No new defence contracts for Israel military use – Conroy


Australia has not approved any new defence exports for use Israel since ‘high intensity conflict’ began in Gaza, according to the Minister for Defence Industry Pat Conroy.

On ABC Radio National Conroy was asked about Greens claims that Australia had entered into a contract with Israel’s Elbit Systems worth $917 million.

He said that the contract in question was with Korean company Hanwha which had sub-contracted Elbit to build turrets for Australian Defence Force armoured vehicles.

“Even if it flows through the supply chain to Elbit from Hanwha, that is money to build army vehicles for the Australian Army in Australia.

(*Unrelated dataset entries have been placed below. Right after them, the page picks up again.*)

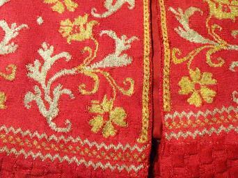 | Keywords: Informal woman's jacket detail, Italy, 1630-1650, knitted silk yarn - Patricia Harris Gallery of Textiles & Costume, Royal Ontario Museum - DSC09365.JPG Exhibit in the Patricia Harris Gallery of Textiles Costume Royal Ontario Museum Toronto Ontario Canada This exhibit is old enough so that it is in the public domain and photography was permitted in the museum I took this photograph and release it into the public domain Daderot 2011-11-20 15 46 06 Daderot cc0 cc0 Patricia Harris Gallery of Textiles Costume at the Royal Ontario Museum 17th-century textiles 17th-century fashion |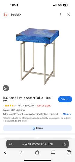 Elk Home Five-O Side Accent Table$125Laguna Niguel, CA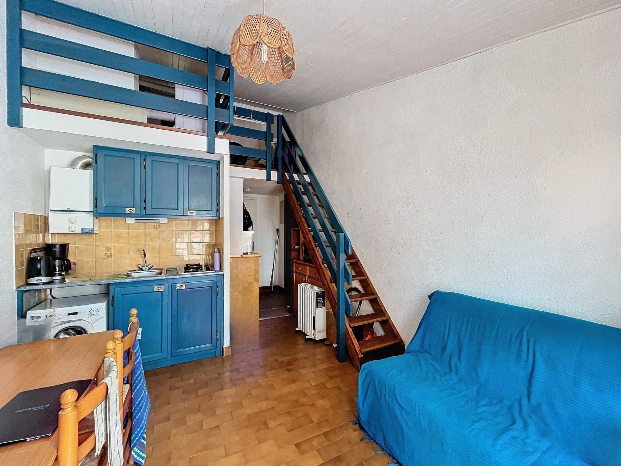 Comprenant : cuisine aménagée équipée, séjour donnant sur la terrasse , 1 mezzanine haute, 1 cabine, 1 salle d'eau et 1 WC indépendant.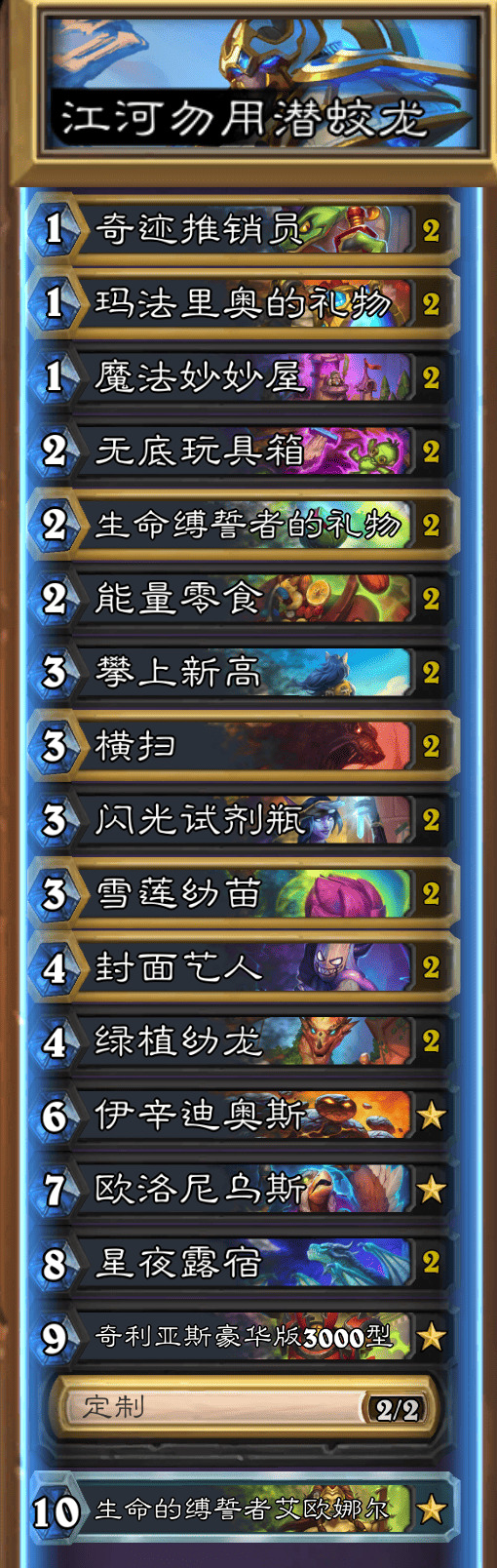 (②)中期。玩具箱、绿植幼龙大部分时间都是直接用来过牌,不贪。这套牌伤害严重溢出,最终斩杀大概只需要2-4张即可,横扫也可以随便交。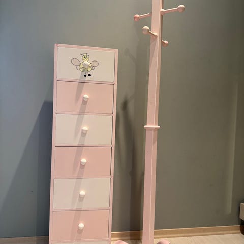 Rosa strykebrett med sammenleggbart design. Brettet har et fargerikt mønster og er lett å oppbevare. Praktisk for lek som stryking av klær i hjemmet.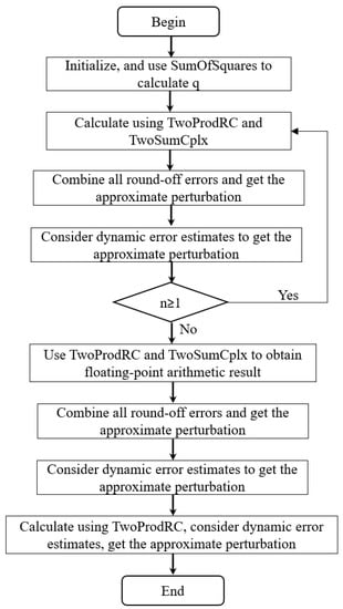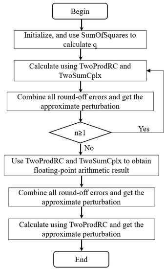 can find the approximate round-off error of q. Other round-off errors in Algorithm 1 can be accurately computed by error-free transformation algorithms and . Then, we can combine all round-off errors by and find the approximate perturbation of for in each loop. The loop ends using and to calculate and combines all round-off errors to obtain the approximate perturbation. The round-off error of should also be considered by . The compensated Goertzel algorithm is presented in Algorithm 4, and Figure 1 shows the flow chart of this algorithm.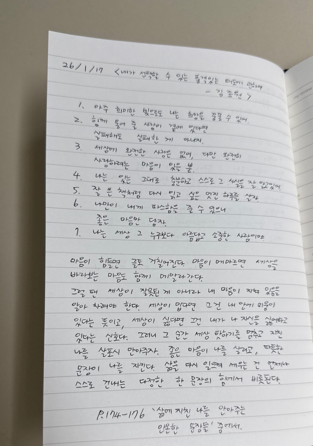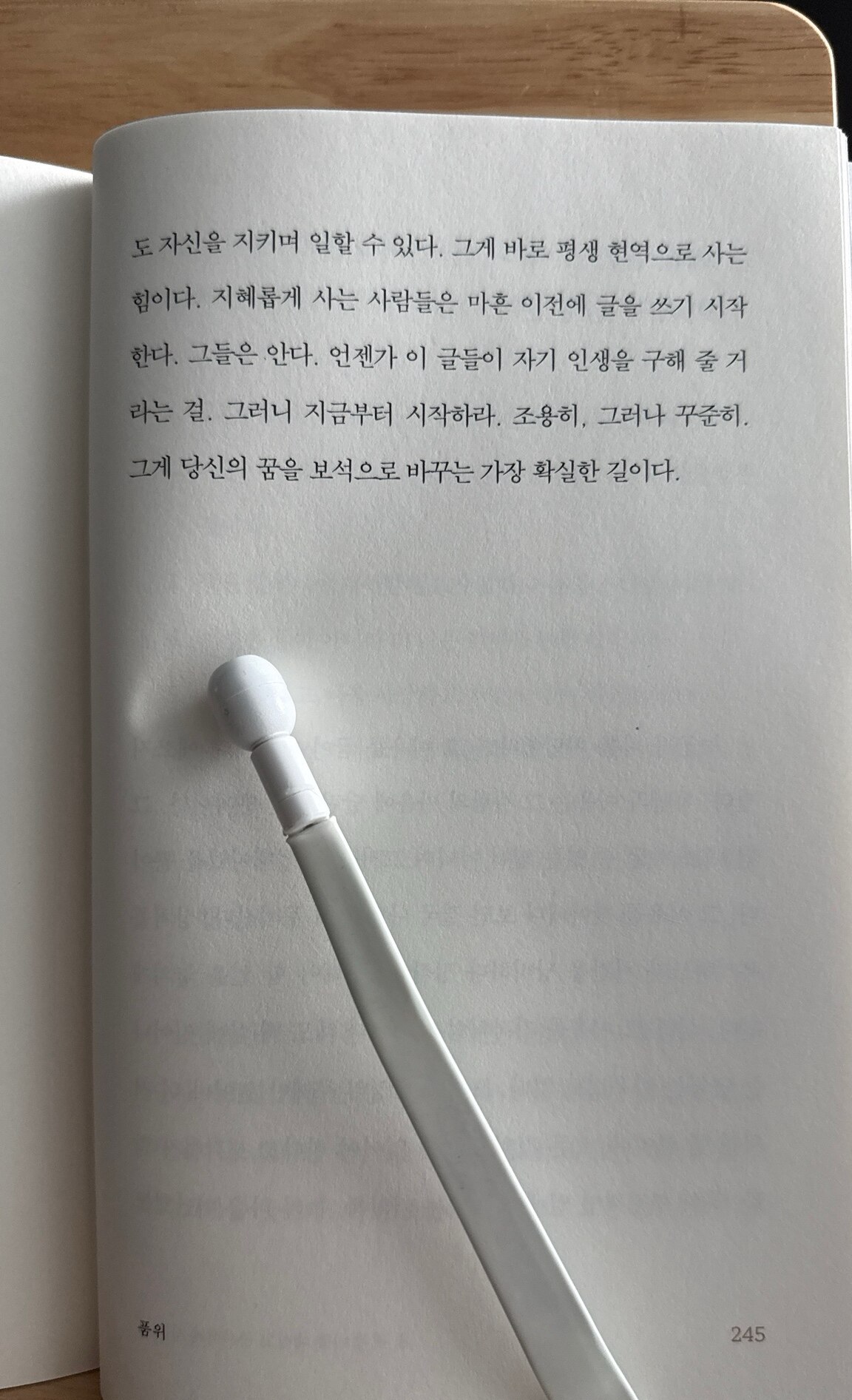 이제는 어느덧 40대가 되어 어렴풋이 이게 맞는 건가, 어떻게 앞으로는 살아가야 하는 건가에 대한 고민도 없이 그냥 하루하루를 보내는 와중에 그럼에도 독서와 필사, sns를 통한 글쓰기는 시작했다. 그리고 이 행위들이 평생 살아가면서 갖고 가길 바라는 나의 당연한 일상이 되어가려고 노력 중이다. 하지만 이것이 과연 팍팍하고 힘든 삶 속의 누군가에게는 내가 마치 신선놀음 같은 일인가도 싶게 묘한 죄책감도 있던 게 사실이다. 나는 뭐든지 내 주변이 아니라도 더 넓게라도 모든 걸 내 탓을 하는 게 너무 당연한 듯 살아왔기 때문이었다. 하지만 이 책을 읽으면서 무엇이든 나로부터 시작해야 한다는 점을 깨달았다. 그리고 그것은 더 나아가 세상을 살아가는데 이바지하는데 내 스스로가 제대로 해나갈 수 있게 하는 태도였음을 이 책을 통해 배웠다. 고작 내가..였던 그 마음이 책을 다 읽고 덮으면서는 나도 어쩌면 이는 기대감을 불러일으켜 주었다. 그리고 그런 마음들을 갖게 해주는 수많은 페이지들이 있었는데 그중에 가장 시선이 닿은 부분을 필사해 보았다. 작가님의 말씀대로면 글쓰기, 필사는 생각지 못하게 하고 있는 터라 내심 나 지금 잘 살아내려고 하는 거구나 하면서 한 글자 한 글자 꾹꾹 눌러 담았다.

“The Greens are saying that this is supplying arms to Israel, which is incorrect and continues to be incorrect.”

However Conroy did reveal that Australia was not entering any new contracts allowing the export of equipment for use by Israel.

Conroy said: “Well, what I can say to you is since the conflict has begun, we’ve been only approving export permits to Israel for equipment that is returning to Australia for the ADF – that is really, really important.”

​Patricia Karvelas: “Can I just clarify, does that mean you’ve actively said no to contracts that go beyond that?”

Conroy: “What we’ve been saying is that due to the high intensity nature of this conflict and the complex circumstances we’ve been applying the existing export control system, and since the conflict began, no permits have been approved except for items that have been returned to Australia.

“…That’s an active decision of the war, applying the existing export control system so…the government has only been approving new permits to Israel for equipment for the Australian Defence Force and law enforcement that will be returned to Australia.”

Conroy said the Minister for Defence Richard Marles had responsibility for applying the criteria under Australia’s Defence Export Control system.

He said the government did have some small contracts with Elbit for delivery of capability for the Australian Defence Force.

“Two examples are $9 million to maintain and repair thermal imaging equipment and another contract for some drones for the Australian Army.”